Arcelor Mittal and Nippon Steel have agreed to boost automotive sheet capacity at their
equally-owned joint venture in the U.S., the Nikkei business daily reported on Monday.
L.N. Mittal and Akio Mimura, the heads of the world's No. 1 and No. 2 steelmakers, also agreed to expand their alliance in areas other than their U.S. venture at a meeting in New Delhi on Sunday, the paper said.
The two companies are seen doubling the capacity at the 500,000 tons-a-year Indiana plant at an estimated cost of 30 billion yen ($254 million) to meet strong demand from Japanese automakers such as Toyota Motorand Honda Motor, it said.
Nippon Steel spokesman Hiroshi Nakashima said no decision had been made. "We have been saying that we would need more capacity in the United States to catch up with strong demand there, but the size of the investment and other details had not been decided," he said.
The paper quoted Chairman L.N. Mittal as saying Arcelor Mittal had no plans to launch any bids in Japan. "Nippon Steel and Mittal's ties are solid and strong, and excel in any other M&A deals," the paper quoted Mittal as saying.
The paper also said Arcelor Mittal and Nippon Steel would consider tie-ups in areas other than the United States and Europe.
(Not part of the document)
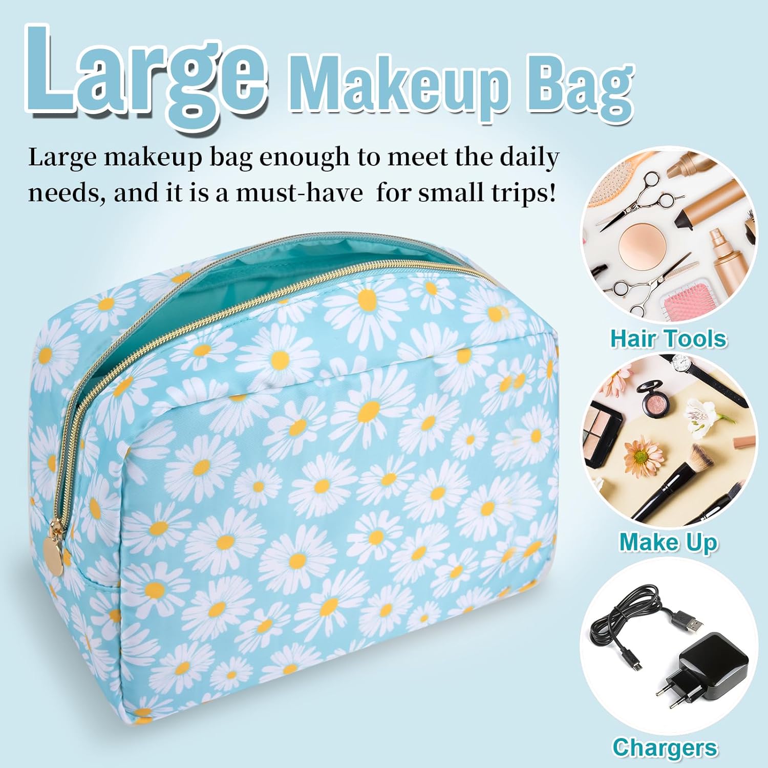 Nylon Large Floral Makeup Organizer Bag, Preppy Big Cute Flower Cosmetic Zipper Pouch Multi-compartment with Dividers, Waterproof Toiletry Make Up Brushes Bag Travel Essentials for Women(Blue-Daisy)

In Europe, Nippon Steel has supplied car steel sheet to Japanese automakers there through Arcelor.
Speculation of further realignments in the global steel sector since the birth of Arcelor Mittal last year has boosted shares in Nippon Steel and the world's major steel makers.
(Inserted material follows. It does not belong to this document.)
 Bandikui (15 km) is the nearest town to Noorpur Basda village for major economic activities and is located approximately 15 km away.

Nippon Steel stock has gained 26% this year.
Nippon Steel, the biggest beneficiary of strong worldwide sales of Japanese cars, earlier this month raised its full-year forecast for the third time in six months on booming demand from carmakers and said it would post a record profit for a third straight year.
The Japanese company has been strengthening capital and business ties with its allies including South Korea's POSCO , helping it increase shipment volumes through mutual supplies of steel slabs as well as raise defenses against unsolicited takeover bids.